Try to take into account the condition of your item as well as how good it looks in the photos, and consider how that could affect its price.
Key Information to Include in Your Listings
By giving potential buyers as much information as possible, you’ll make sales quicker and have to answer fewer questions that have the same answer.
There are only so many times you can answer the question ‘how long does shipping take?’ before you crack.
Stating the Condition
Always make it really clear what the condition is and if there are any marks or flaws. Only a madman would buy an item of clothing that doesn’t mention the condition.
Let people know the sizing on the label, and the size that you would recommend based on your own judgement.
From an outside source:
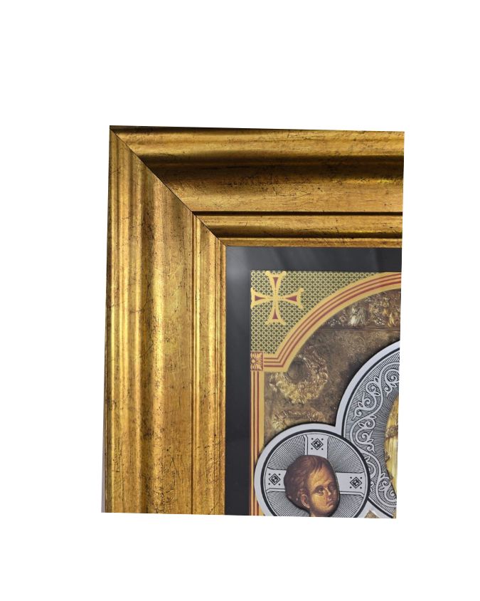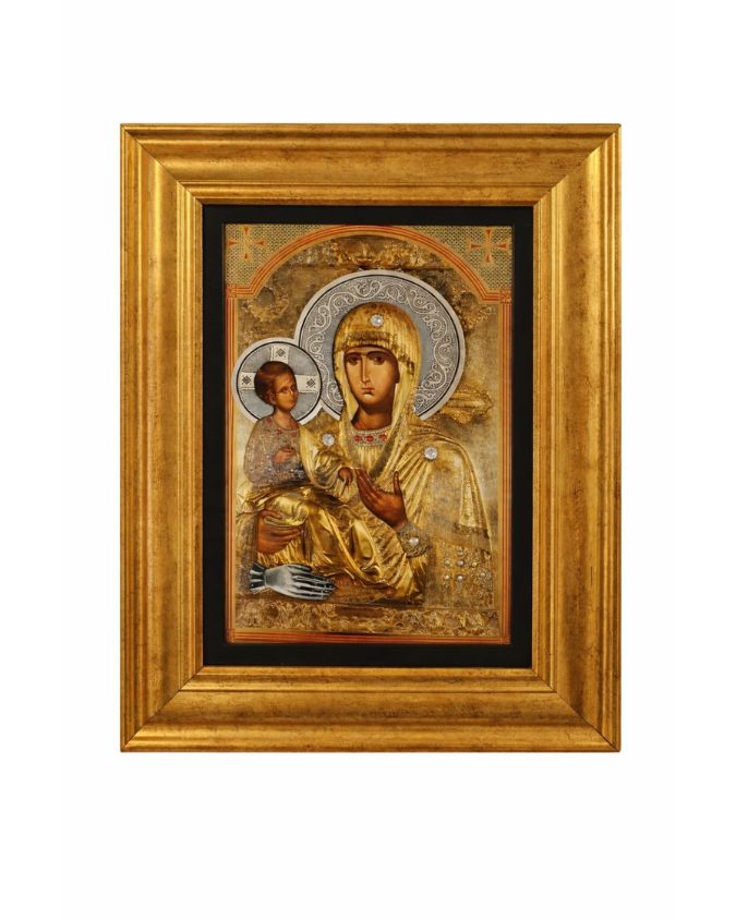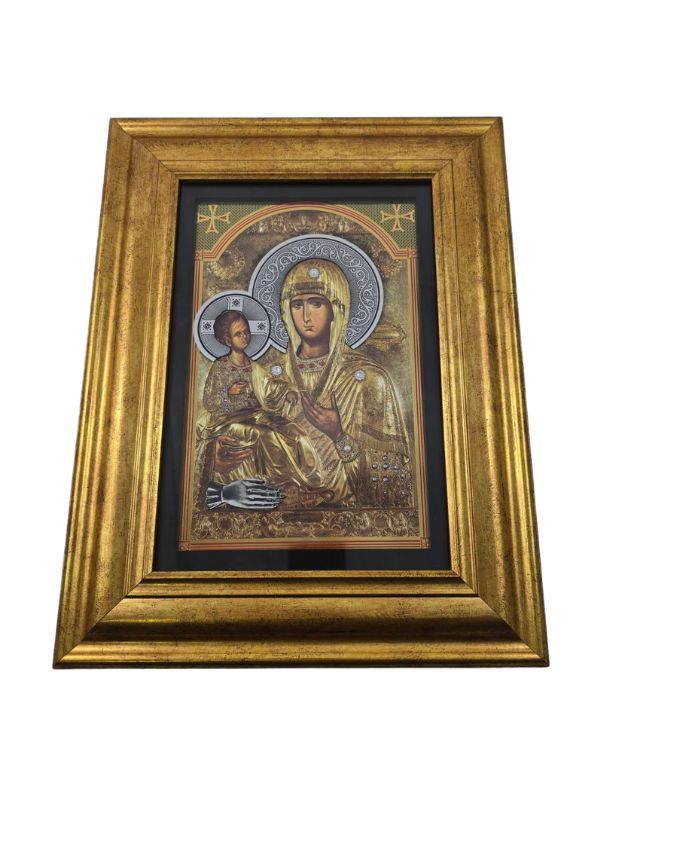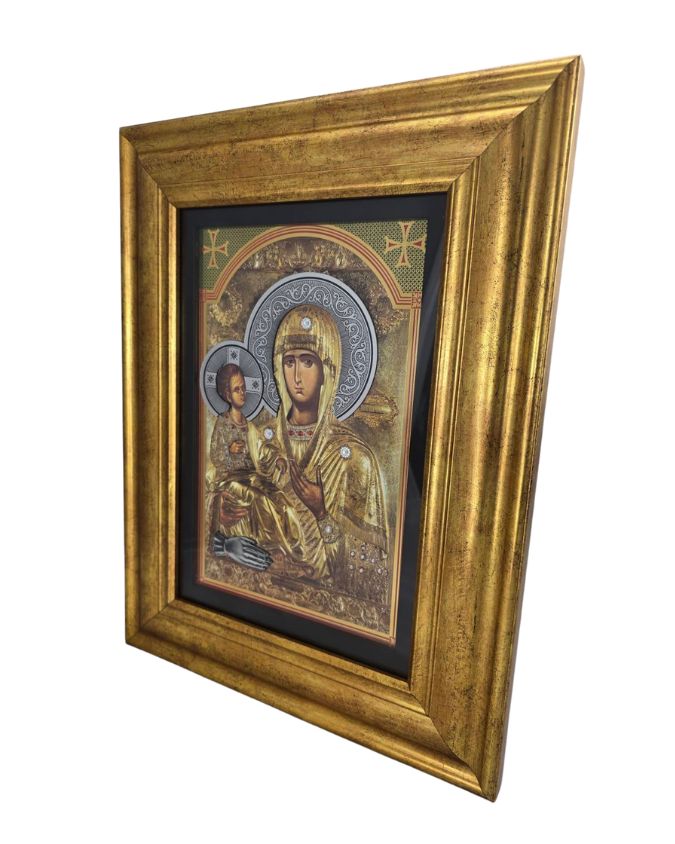 Ikona Bogorodice Trojeručice izradjena u zlatotisku sa prelepim ukrasima i cirkonima. Krasi je masivni ukrasni ram od drveta. Ikona Trojeručica je takodje opremljena antireflex staklom koji odbija sve odsjaje i efekte ogledala za potpuni doživljaj. Može krasiti vaš dom, takodje može biti luksuzni poklon vašim dragim osobama, prijateljima za svaku priliku, bilo da je rodjendan, neki jubilej ili neka prilika koju treba obeležiti. Ikona Trojeručice- lux masiv je pravi zbor za vas.

When it comes to vintage clothing sizing can really vary over the decades, so can even be useful to take measurements of the Pit to Pit and Shoulder to Bottom. This will help make quicker sales and receive fewer returns.
Explaining Delivery Practices
Let people know the shipping provider you use, because some providers can’t ship to some addresses. It’s also good to give people an approximate time frame of when they can expect to get their item.
Returns or No Returns?
Choosing whether or not to offer returns is a true dilemma for every vintage clothing seller, especially when you’re just getting started out.
Whilst stating that you have a no refunds or returns policy can reduce the number of refund requests you get, ultimately all the platforms have buyer protections in place that allow buyers to return an item they buy for a full refund within a certain time frame.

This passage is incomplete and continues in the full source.